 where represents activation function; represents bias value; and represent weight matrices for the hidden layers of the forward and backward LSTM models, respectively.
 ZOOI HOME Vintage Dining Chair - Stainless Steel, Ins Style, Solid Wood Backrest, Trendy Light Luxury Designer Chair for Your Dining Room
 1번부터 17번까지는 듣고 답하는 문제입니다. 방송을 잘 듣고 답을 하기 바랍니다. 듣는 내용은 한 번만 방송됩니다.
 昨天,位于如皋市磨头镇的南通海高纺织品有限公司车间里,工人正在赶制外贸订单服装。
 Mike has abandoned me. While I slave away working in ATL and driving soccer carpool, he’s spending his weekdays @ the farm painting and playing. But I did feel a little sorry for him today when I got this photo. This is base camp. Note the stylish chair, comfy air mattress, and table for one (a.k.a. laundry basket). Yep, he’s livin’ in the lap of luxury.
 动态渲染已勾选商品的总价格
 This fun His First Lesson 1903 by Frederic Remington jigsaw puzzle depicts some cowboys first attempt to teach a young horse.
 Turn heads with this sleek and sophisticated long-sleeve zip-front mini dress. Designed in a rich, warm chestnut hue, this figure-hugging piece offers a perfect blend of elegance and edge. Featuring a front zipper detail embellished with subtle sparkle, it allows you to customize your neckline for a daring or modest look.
....................
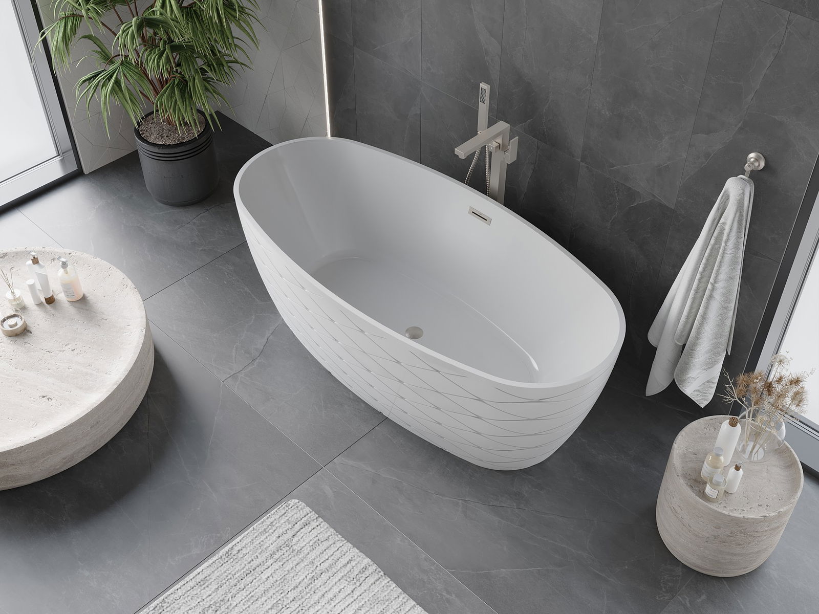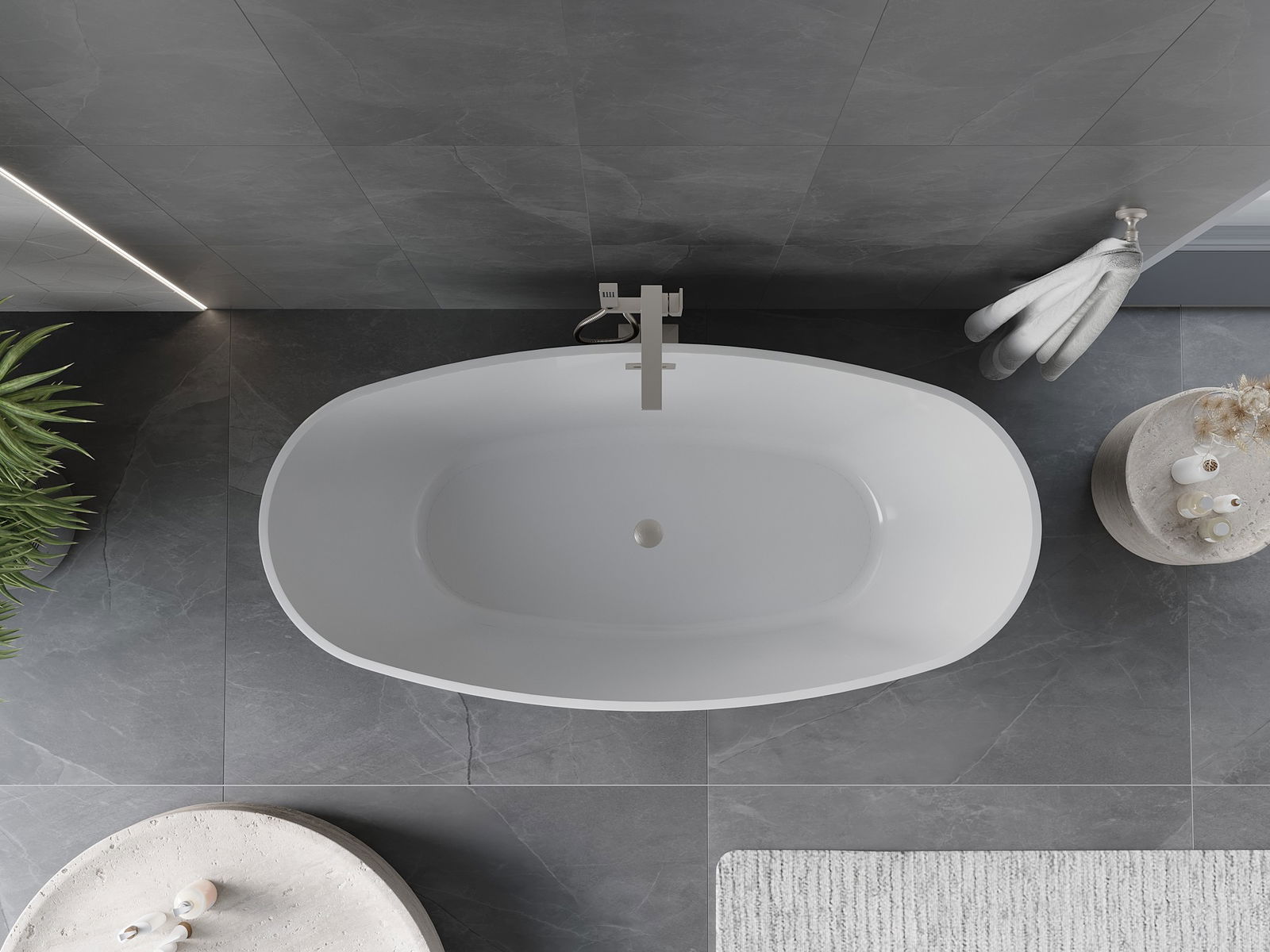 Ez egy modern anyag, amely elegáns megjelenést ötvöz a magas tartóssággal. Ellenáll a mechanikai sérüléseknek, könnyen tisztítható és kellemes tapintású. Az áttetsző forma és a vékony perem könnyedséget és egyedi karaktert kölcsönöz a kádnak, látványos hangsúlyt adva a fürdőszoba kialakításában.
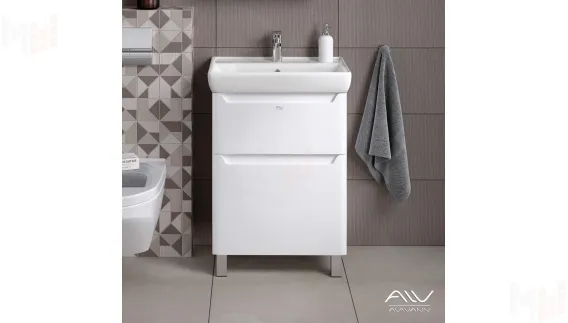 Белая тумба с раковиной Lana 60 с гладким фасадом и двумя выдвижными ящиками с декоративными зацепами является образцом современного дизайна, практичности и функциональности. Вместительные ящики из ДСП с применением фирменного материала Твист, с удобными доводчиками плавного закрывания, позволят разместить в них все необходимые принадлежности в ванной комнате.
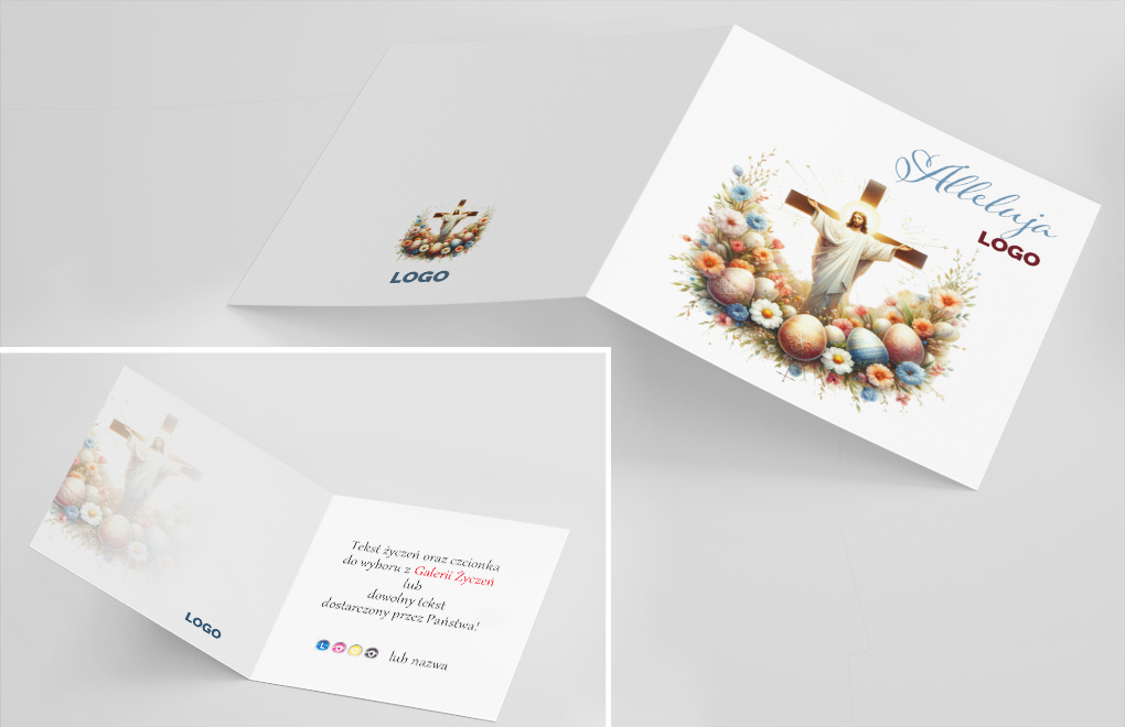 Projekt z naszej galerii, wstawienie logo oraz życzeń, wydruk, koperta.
....................
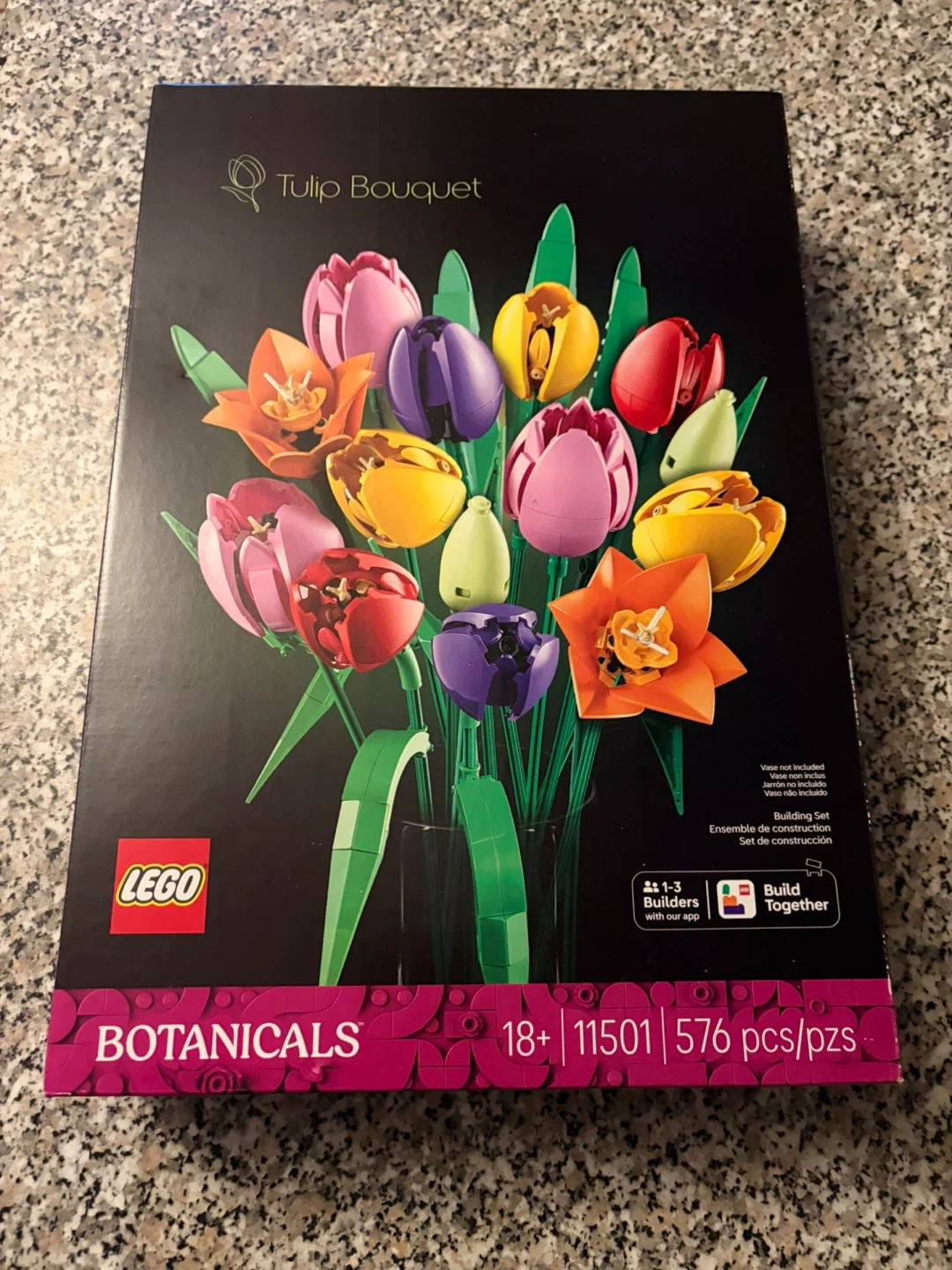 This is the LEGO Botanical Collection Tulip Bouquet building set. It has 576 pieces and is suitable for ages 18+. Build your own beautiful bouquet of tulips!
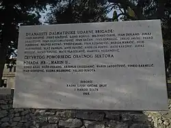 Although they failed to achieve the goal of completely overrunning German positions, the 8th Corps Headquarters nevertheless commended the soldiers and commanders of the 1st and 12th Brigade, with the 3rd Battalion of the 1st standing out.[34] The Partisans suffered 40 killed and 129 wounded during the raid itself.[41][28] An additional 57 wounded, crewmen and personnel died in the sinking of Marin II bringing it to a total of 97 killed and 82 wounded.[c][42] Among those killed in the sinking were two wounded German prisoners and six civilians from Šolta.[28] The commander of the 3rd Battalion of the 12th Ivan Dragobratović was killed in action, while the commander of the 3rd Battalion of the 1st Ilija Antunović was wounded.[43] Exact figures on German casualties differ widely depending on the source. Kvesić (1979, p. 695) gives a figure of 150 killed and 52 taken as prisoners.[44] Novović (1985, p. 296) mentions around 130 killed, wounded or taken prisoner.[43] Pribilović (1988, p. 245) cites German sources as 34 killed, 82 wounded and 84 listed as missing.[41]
....................
YOUR OBJECTIVE:
Would you copy, unchanged, the stretch of the records above that begins at the line containing "where represents activation" and ends at the line containing "1번부터 17번까지는 듣고", and only that?

ANSWER SPACE:
 where represents activation function; represents bias value; and represent weight matrices for the hidden layers of the forward and backward LSTM models, respectively.
 ZOOI HOME Vintage Dining Chair - Stainless Steel, Ins Style, Solid Wood Backrest, Trendy Light Luxury Designer Chair for Your Dining Room
 1번부터 17번까지는 듣고 답하는 문제입니다. 방송을 잘 듣고 답을 하기 바랍니다. 듣는 내용은 한 번만 방송됩니다.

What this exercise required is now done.